Viaggio a Marsala #2: la Cantina Florio

Viaggio a Marsala #2: la Cantina Florio

di Samantha Vitaletti e Emanuele Giannone

La prima fiaba è quella di Vincenzo Florio che dalla Calabria si trasferisce in Sicilia e avvia nel 1832 la costruzione delle cantine, acquistando un terreno tra i bagli di Woodhouse e Ingham. L’anno dopo inaugura le Cantine Florio mentre già medita su nuove attività da avviare. Nel decennio successivo le avvierà nei settori minerario, tessile, siderurgico, della trasformazione alimentare (le tonnare) e dei trasporti marittimi. Nel 1906 organizza e dà il nome alla prima competizione automobilistica internazionale.

La gestione allegra del patrimonio familiare, soprattutto a opera dei figli, segna il progressivo declino del Familienmischkonzern e la progressiva dismissione per settori. Nel 1924 le Cantine Florio vengono acquisite da Cinzano. La Seconda Guerra colpisce duramente Marsala e le stesse cantine, il cui bombardamento causa la perdita pressoché totale del capitale liquido (si salveranno piccole partite di Riserva 1938 e 1941). Data al 2003 la fusione con Duca di Salaparuta.

Un po’ perché il personaggio di Donna Franca, moglie di Vincenzo, è intrigante, un po’ perché la Cantina ha alle spalle una storia non trascurabile, ci troviamo una mattina in fila con altre 17 persone pronte a intraprendere una visita guidata nei locali di Cantine Florio. Per la prima volta da quando siamo sbarcati, sentiamo la triste locuzione: vino da cucina.

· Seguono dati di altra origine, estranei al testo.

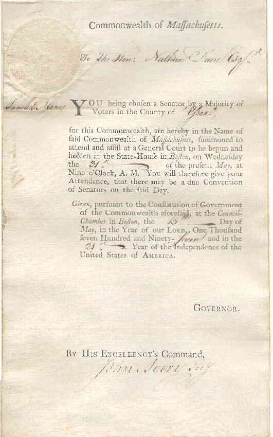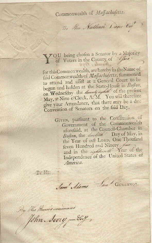 Senator of Massachusetts summoned for convention of all Senators |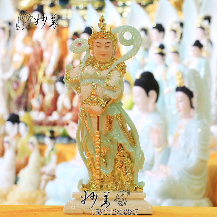 White marble Buddha Statue Wei Tuo Bodhisattva Jia Lan Bodhisattva Guan Gong Statue Guan Di Shenjun Zhaocai Town House Feng Shui Decoration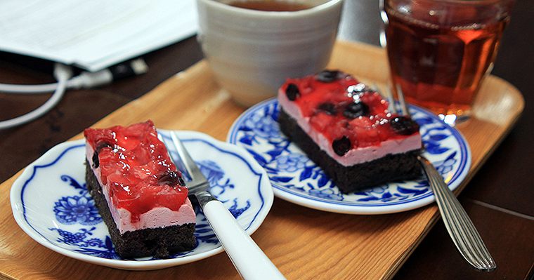 ――― そしておまけに、味の素冷凍食品の業務用 ハーフサイズ フリーカットケーキもチェック。いちごとブルーベリーの果肉を敷きつめた「ダブルベリー」は、果肉の酸味と甘さ、チョコレートケーキのほろ苦い味が、マッチ! これもいい!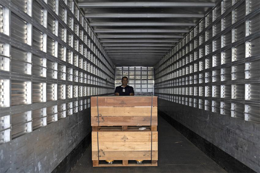 Un miembro del personal de BYD carga el paquete de baterías en un contenedor en la planta de baterías de la compañía ubicada en Manaus, estado de Amazonas, Brasil, el 12 de marzo de 2024. [Xinhua]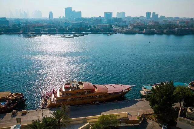 河的岸边停着各种各样的船舶,有破旧的小木船,有豪华的游艇,也有搭建的简易屋和旁边豪华的大酒店…这鲜明的对比并不冲突,恰恰相反竟多出了几分画面感,像是在诉说着迪拜多年的故事。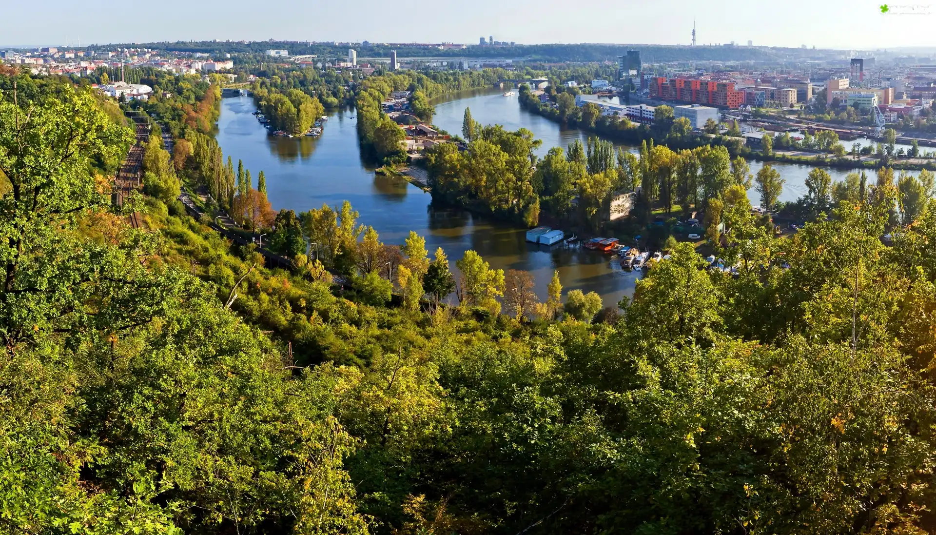 Zdjęcie Miasto, Rzeka, Drzewa, Panorama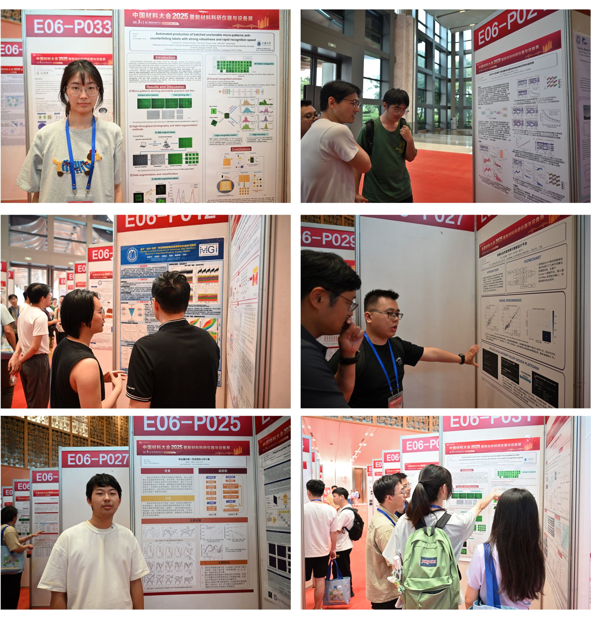 在为期三天的会议中,来自钱伟长学院的在读本科生与往届直升研究生等33名同学全程深度参与,展现出良好的学术素养。其中,2019级贺雨峥、2020级羊英涛、2020级倪新宇、2021级杨泉、2022级周天毅、2022级胡锦昶以及2022级郭绍军,共7名同学以墙报形式展示了各自的最新研究成果;另外,2020级杨钰嫣、2018级陆佳宜和2018级刘行健同学分别通过快闪报告和口头报告的形式,清晰流畅地分享了他们的最新研究发现。这些高质量的学术成果不仅体现了上大学子在材料基因工程与人工智能交叉领域的创新思维和研究实力,更展示了国产亚洲精品美女久久久在跨学科创新人才培养方面的显著成效和独特优势。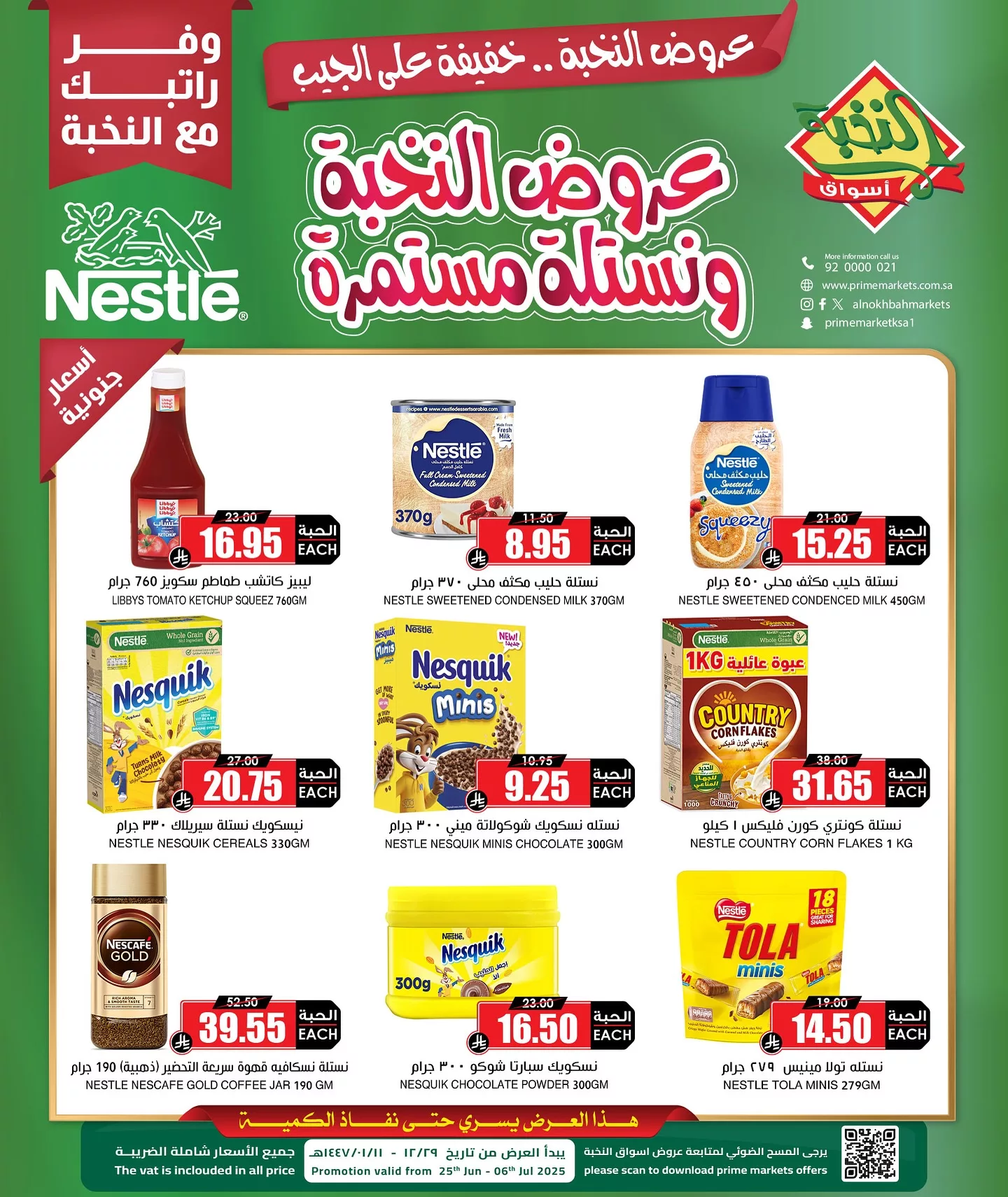 عروض أسواق النخبة تتنوع لتشمل منتجات نستله المحببة مثل نسكافيه بجميع أنواعه وكيت كات سيريال ونسكويك شوكولاتة وسيريال للأطفال في عبوات اقتصادية تناسب كل أفراد الأسرة وتشمل أيضًا مبيض القهوة والحليب المكثف والكورن فليكس ومجموعة من منتجات ماجي التي لا غنى عنها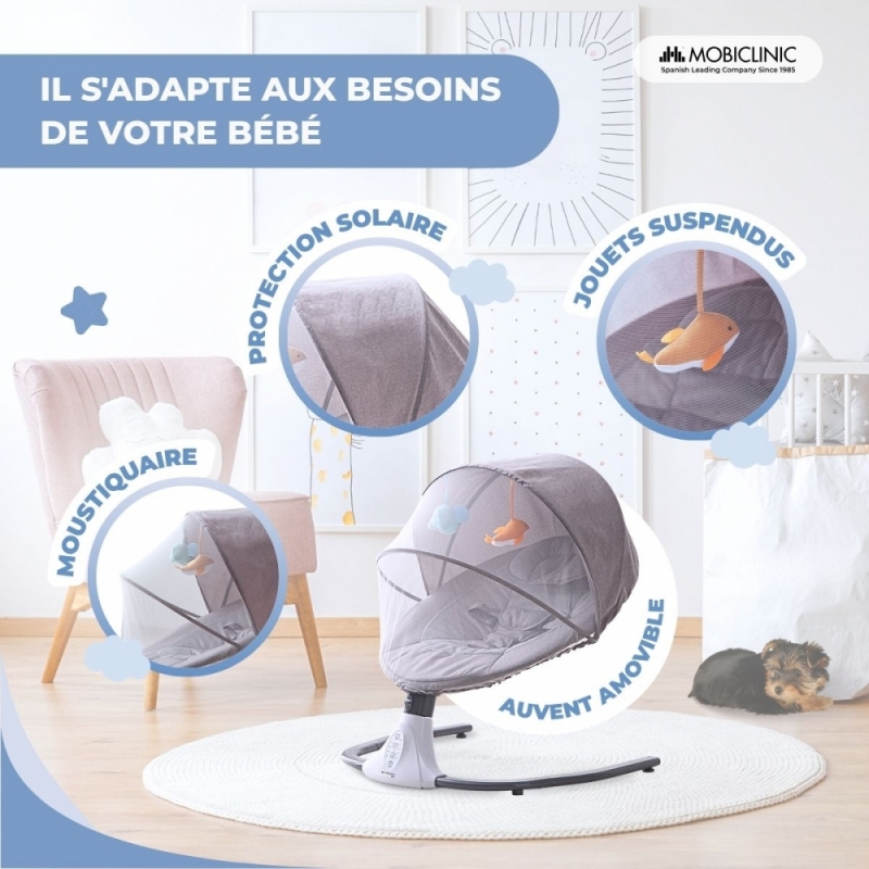 FONCTION DE BERCEMENT RÉGLABLE : Offre plusieurs vitesses pour adapter le mouvement aux préférences de bébé. Idéal pour apaiser et favoriser l’endormissement.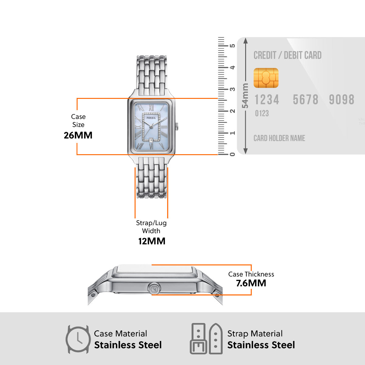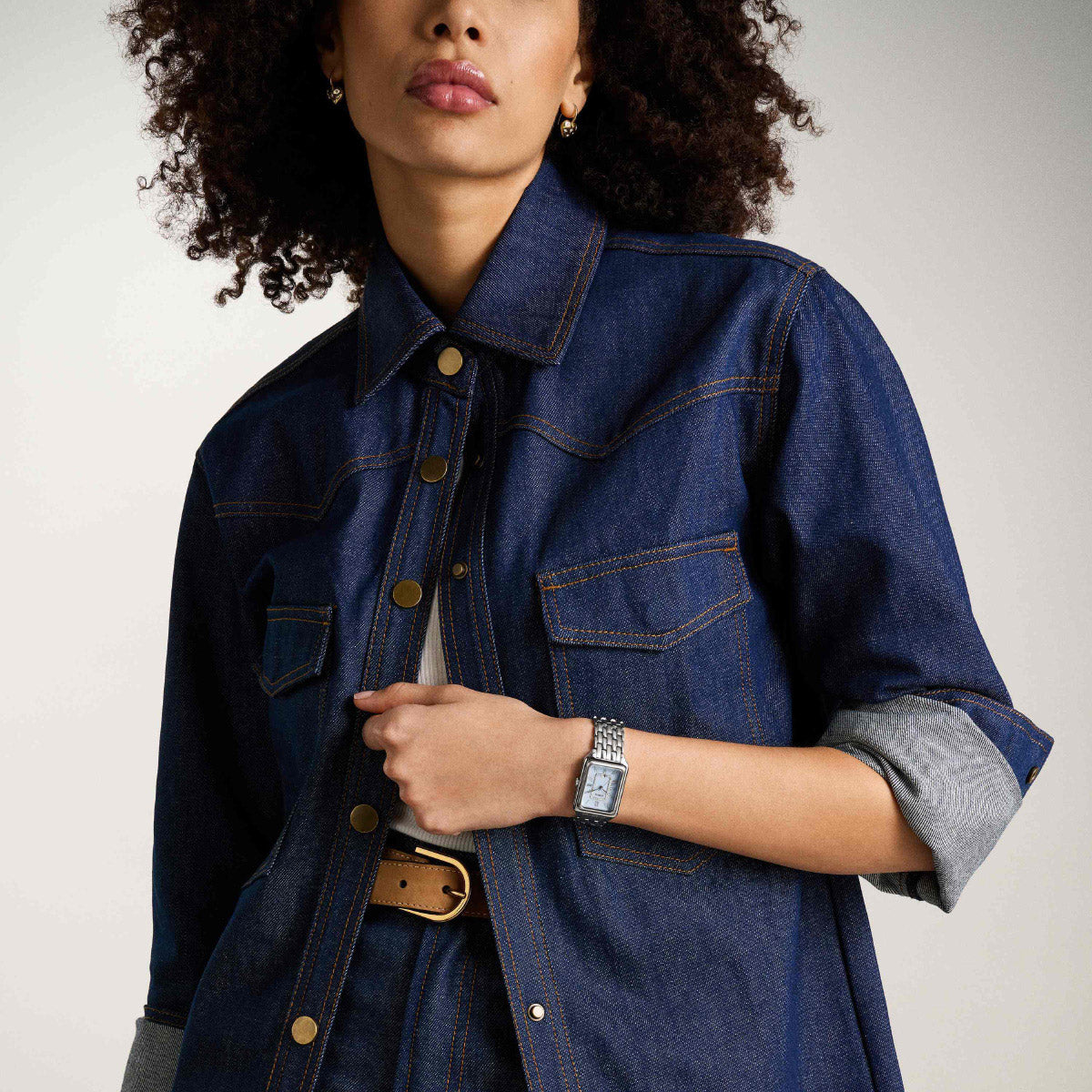 生まれ変わった正真正銘のアイコン、RAQUELウォッチ。スリムなレクタングル形ケースとステンレススチールブレスレットがタイムレスで洗練された魅力を演出します。光沢あるブルーマザーオブパールのダイヤルが輝く、コーディネート力の高いデザインです。デイト表示付き三針ムーブメントを搭載した実用的な機能性も備えています。ヴィンテージ風でありながら新鮮でモダンな魅力をたたえた、毎日使いたくなるクラシックなアイテムです。

Immensi tini in fila da otto troneggiano nella prima sala. Contengono il Marsala Fine, la tipologia più bassa nella scala dei Marsala, quella che invecchia un solo anno e nasce per finire in pentola. O anche nella Simmenthal. La visita prosegue e c’è calca per un selfie col fucile donato da Garibaldi o, ancor più, con la panca di marmo dove si dice si sia riposato. E rifocillato. Non con il vino perché era astemio.

La guida ci racconta la seconda fiaba, quella della nascita del Marsala: c’era una volta questo inglese che in una notte di tempesta assaggia “per caso” il Marsala e trova l’America quando capisce che per trasportarlo in patria deve renderlo resistente e trattarlo alla Maniera del Madeira: deve fortificarlo aggiungendovi alcol. Forse l’inglese e la notte tempestosa ci furono ma è il “per caso” che verrà smentito da più voci.

Proseguiamo passeggiando tra le botti disposte a piramide, a ricordare che qui si usa il metodo soleras. In realtà non è proprio soleras, è perpetuum. E in realtà questo modo di invecchiare e fare il vino non deriva dagli inglesi, amanti e commercianti di sherry, porto e madeira, ma molto probabilmente deriva dagli spagnoli che da queste parti un po’ di tempo l’hanno passato. Finiamo il giro intorno ad un tavolo allestito per la degustazione di quattro vini.

Marsala Vergine Riserva Baglio Florio 2002
 Dove ci spiegano in un sol colpo e volentieri ricordiamo che Vergine significa addizionato solo di alcol, Riserva che ha almeno dieci anni di invecchiamento, Secco che ha un residuo zuccherino inferiore ai 40g/l. Caldo, rotondo, di vaniglia, esotico. Pan grillé, nocciole tostate e biscotto. Piace senz’altro a chi nel Marsala cerca la dolcezza (SV). Naso vanigliato e agrumato, con in più caramella d’orzo e bottarga. Bocca sinuosa-estuosa in attacco, evolve sapida e gustosa (mandorla tostata, ananas candito, dattero, arancia candita, tamarindo), delicata nella persistente nota ossidativa, snello e pulito in chiusura (EG).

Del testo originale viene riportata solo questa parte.